Causal Mechanisms: A more recent trend in philosophy is to think about causation in terms of mechanisms. Here, A causes B if there's a mechanism that links them. This view can be seen in opposition to the regularity view, as it emphasizes the "how" of causation, not just the "what."
Causal Relata: What are the things between which causal relationships obtain? Are they events, processes, variables, or something else? Different philosophical theories of causation might have different answers to this question.
Causation vs. Explanation: Causal relationships and explanations are deeply intertwined but distinct. While causation refers to the objective relationship between events or states of affairs, explanation concerns our understanding or description of this relationship. Not all explanations are causal; some might be based on laws, regularities, or other principles.
Challenges to Causation: There are well-known philosophical challenges to causation. For instance, the "problem of induction" posits that just because event A has always been followed by event B in the past doesn't guarantee it will in the future. There's also the post-Humean challenge of identifying causes without reference to unobservable entities or metaphysical principles.

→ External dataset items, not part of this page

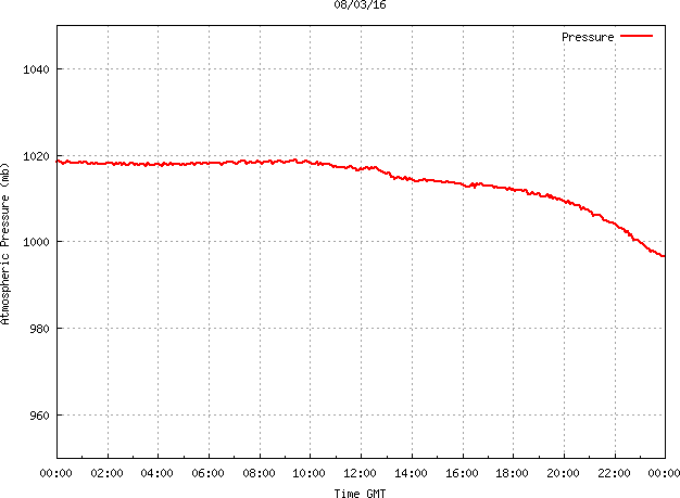 The PML meteorological station, situated on the south-west corner of the building roof, consists of a Hygroclip S3 temperature and humidity sensor housed in a radiation shield, a Mierij Meteo solid state wind sensor (MMW-005), a Chelsea instruments half-hemisphere PAR sensor, a Li-Cor pyranometer (LI-200SZ) and an Omni Instruments 6" tipping bucket raingauge (RG200). The data are logged every 5 minutes using a Pace Scientific XR5 data logger. The real-time rainfall data is likely in error - the correct values will be displayed after a time lag of approximately 24 hours. The meteorological station is sheltered from winds in the north-east and underestimates winds from this quarter. To use these data please contact Dr Tim Smyth.
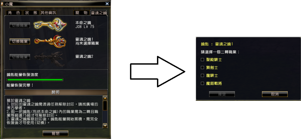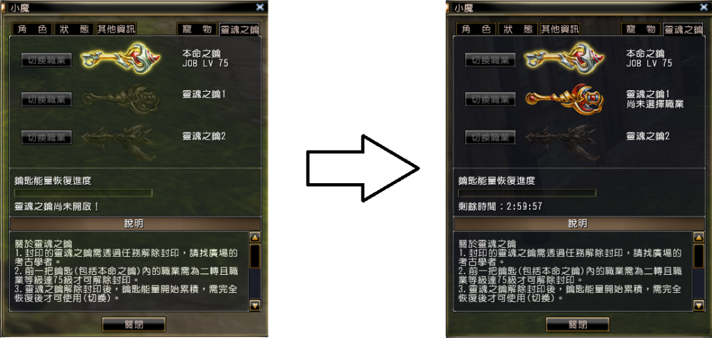 1.解除「靈魂之鑰1」,需「本命之鑰」內的職業等級達75級(含)以上,且是二轉職業。
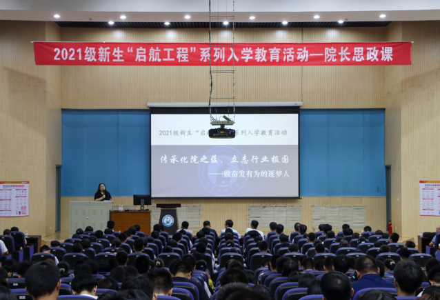 9月23日,化学工程学院2021级新生“启航工程”系列入学教育活动“院长思政课”在南教100开讲。学院院长刘欣梅以《传承化院之蕴,立志行业报国》为题,为全体新生讲授大学第一堂思政课。副院长刘义、各系负责人和教师代表以及年级辅导员出席活动。
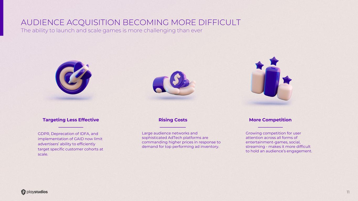11 AUDIENCE ACQUISITION BECOMING MORE DIFFICULT The ability to launch and scale games is more challenging than ever Rising Costs Large audience networks and sophisticated AdTech platforms are commanding higher prices in response to demand for top performing ad inventory. Targeting Less Effective GDPR, Deprecation of IDFA, and implementation of GAID now limit advertisers’ ability to efficiently target specific customer cohorts at scale. More Competition Growing competition for user attention across all forms of entertainment-games, social, streaming - makes it more difficult to hold an audience’s engagement.
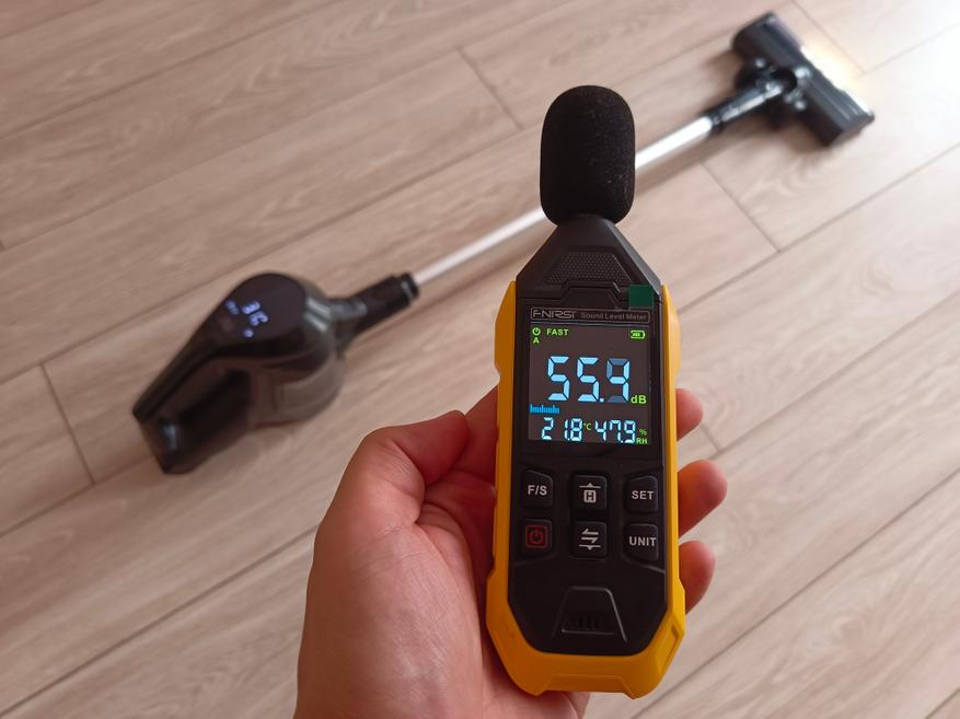 Несмотря на свою производительность, пылесос в целом остается весьма тихим. Уровень шума замерялся с расстояния одного метра.
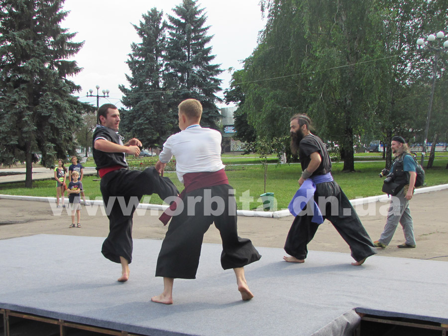 Мастера своего дела устроили показательные выступления, вызвавшие всеобщий восторг, и пригласили желающих на мастер-класс по боевому искусству.
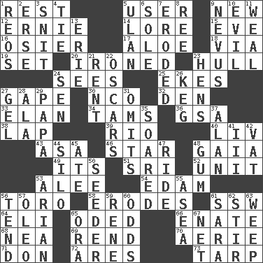 ACROSS 1. Repose 5. One who uses or employs something 9. ___ Haven, CT 12. Bert's buddy 14. Old wives' tales, e.g. 15. Night before a holiday 16. Flexible twig of a willow tree 17. Medicinal plant 18. By way of 19. Arrange properly for use 20. Pressed 23. Frame or body of a ship 24. Perceives with the eye 25. Makes supply last 27. Stare wonderingly 30. Non-commissioned officer (abbr.) 32. Lair 33. Enthusiasm 34. Scottish caps 36. Girls' org. (abbr.) 38. Infant locale 39. _ de Janeiro 40. 54 in ancient Rome 43. White ___ sheet 46. Play the lead 48. Greek goddess of the earth (variant) 49. It is 51. _ Lanka 52. A single undivided whole 53. Toward shelter 54. Dutch treat 56. "Corrida" creature 58. Eats (away) 61. Compass dir. 64. Biblical high priest 65. Wrote a lyric poem 66. Related on the mother's side 68. Teachers' org. 69. Tear apart 70. Nest on high 71. Spanish title 72. Ancient Greek god of war 73. Canvas cover DOWN 1. Vintage cars 2. Celtic language 3. In a ____ (agitated or irritated) 4. Neckwear 5. ____ Bator, Mongolia 6. Not divided or shared with others 7. Worn away 8. Portuguese money of account (variant) 9. Congenital growth or mark on the skin 10. Tending to cause great harm 11. Welt 13. 4th largest of the Great Lakes 21. Monthly bill 22. Motion picture awards 23. Coop moms 24. Elected rep. 26. Cask 27. Set 28. According to 29. Dad 31. Leaves out 35. Flew 37. ____ Jay Lerner 41. One more than two 42. Large container 44. Grain storage tower 45. Had dinner 47. Travel on or in a vehicle 48. Chewing product 50. Sowing specialist 53. Believer in; advocate of (suffix) 55. Toward the sea 56. Be inclined (to) 57. Margarine 59. French philosopher Descartes 60. Likelihood 61. "Two Mules for Sister ____" 62. Move through with a circular motion 63. Shed a tear 65. Mouth or opening 67. Fish or hair follower
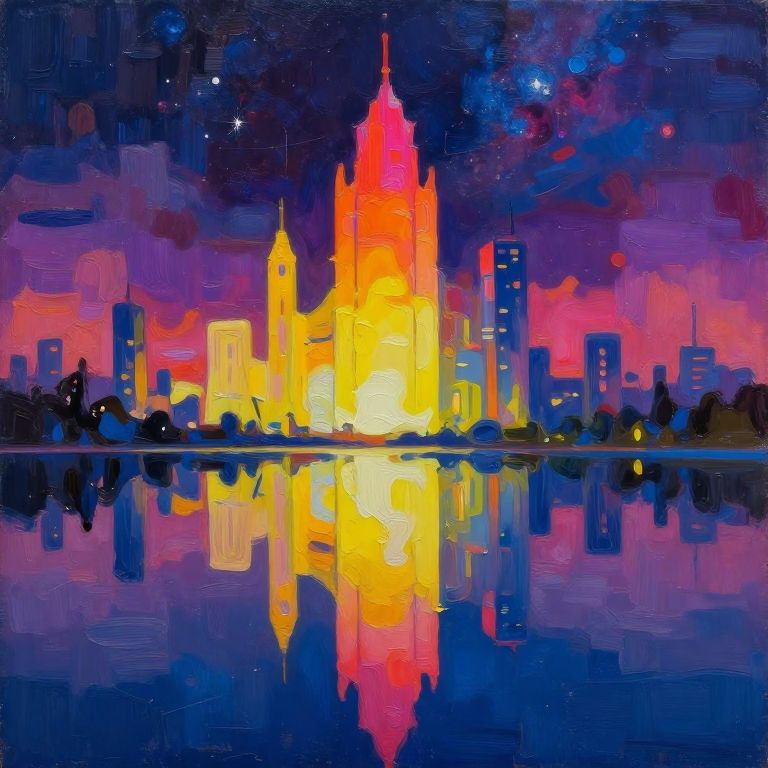 This digital painting features a vibrant cityscape at night, centered around a towering, brightly lit skyscraper in yellow and orange hues, reflecting in a calm, dark blue river below. Surrounding skyscrapers are illuminated in pink, red, and blue, creating a colorful, neon-lit skyline. The sky is a deep, dark blue with scattered stars and a few clouds, adding a cosmic feel. The city buildings vary in shape and height, with some resembling modern, sleek designs and others more traditional. The overall style is abstract with bold, vivid colors and a reflective, mirror-like quality in the water.

Three Foundational Frameworks for Causal Inference

Now, most of the time people just use linear regression for causal inference. We’ll get there, but these following three frameworks provide a common ground for how people apply the philosophical reasonings above.

Potential Outcomes:
- Background: Introduced by Donald Rubin, the potential outcomes framework (often referred to as the Rubin Causal Model) provides a formal way to define causal effects.
- Key Concept: For each unit (e.g., a person in a medical study), imagine two potential outcomes: one if the unit is treated (denoted Y1) and one if the unit is not treated (denoted Y0).
- Causal Effect: The causal effect for a unit is the difference between these two potential outcomes (Y1−Y0). However, for any given unit, we can only observe one of these outcomes, leading to the "fundamental problem of causal inference": we can't directly observe the causal effect for any individual unit.
- Average Treatment Effect (ATE): A solution to the fundamental problem is to consider populations or groups. ATE is the expected difference in outcomes between treated and untreated units, E[Y1−Y0].
Directed Acyclic Graphs (DAGs):
- Background: DAGs are graphical representations of the relationships between variables. They're especially useful for illustrating confounding variables and other structural relationships that can bias causal estimates.
- Key Concept: In a DAG, nodes represent variables, and directed edges (arrows) represent direct causal relationships. The graph being acyclic means that it doesn't have any loops.
- Confounding: If there's a common cause (a "confounder") for both the treatment and the outcome, it can bias estimates. DAGs help visualize such structures. For instance, if A affects both B and C, then A is a confounder when assessing the causal relationship between B and C.
- Adjustment: Using DAGs, we can identify which variables to adjust for in order to obtain unbiased estimates of causal effects.
Structural Causal Models (SCMs):
- Background: SCMs (or sometimes just "structural models") provide a mathematical way to represent systems of equations and their causal relationships.
- Key Concept: An SCM is composed of two parts:
  1. Structural Equations: Each equation represents how a variable is generated as a function of its parents (direct causes) and some noise term. For example, Y=f(X,U) denotes that Y is a function of X and some unobserved factors U.
  2. Noise Terms: These are variables that capture unobserved factors affecting each variable. They're assumed to be independent of each other.
- Intervention: SCMs allow us to mathematically represent interventions. For instance, "do" operations (like do(X=x)) let us set the value of X and see how it propagates through the system.
- Connection to DAGs: The structural equations in an SCM can be visualized as a DAG, where each equation corresponds to a node and its parents.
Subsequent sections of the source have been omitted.